Luego del lanzamiento durante 2015, en el marco de Naciones Unidas, de la Agenda 2030 y su más conocido exponente: los Objetivos de Desarrollo Sostenible (ODS), este año los esfuerzos se centraron en la creación de una conciencia colectiva al respecto. Resultado de la participación del sector privado y las organizaciones de la sociedad civil, junto a las agencias y administraciones de los estados miembro, los ODS están posibilitando un lenguaje común, clave para el trabajo conjunto que requiere su consecución.

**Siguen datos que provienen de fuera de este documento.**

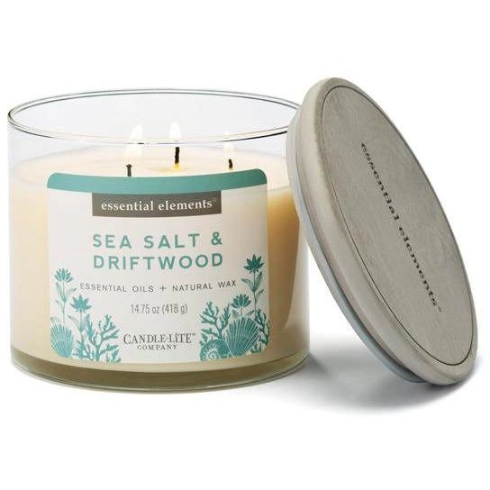 Candela grande profumata alla soia con oli essenziali in vetro 3 stoppini Sea Salt Driftwood Candle-lite 418 g
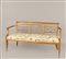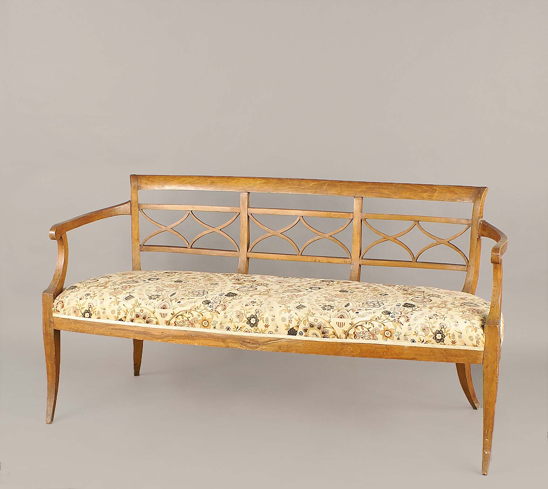 Divano in faggio con schienale traforato, seduta imbottita e rivestita in tessuto, vecchia manifattura, cm. 82x154x52.

De manera particular, en este primer año de los ODS, las administraciones públicas han centrado sus esfuerzos en el levantamiento de la línea base de políticas que ya existían respecto a los temas cubiertos, la identificación de las prioridades para el desarrollo de nuevas políticas públicas y la creación de instancias de coordinación y monitoreo. En el caso de las empresas, el énfasis ha recaído en entender la contribución que pueden aportar a través de sus actividades, de las iniciativas de responsabilidad social con las que vienen trabajando en sus impactos y de nuevas oportunidades de negocio en las que la innovación contribuya al desarrollo socioeconómico. Las organizaciones de la sociedad civil, ante la oportunidad de arraigar la colaboración con administraciones y empresas en relación a las temáticas de la Agenda, han trabajado intensamente al respecto, exponiendo las prioridades que entrega su conocimiento de las realidades in situ y buscando nuevas posibilidades en el marco de modelos innovadores como las cadenas híbridas de valor.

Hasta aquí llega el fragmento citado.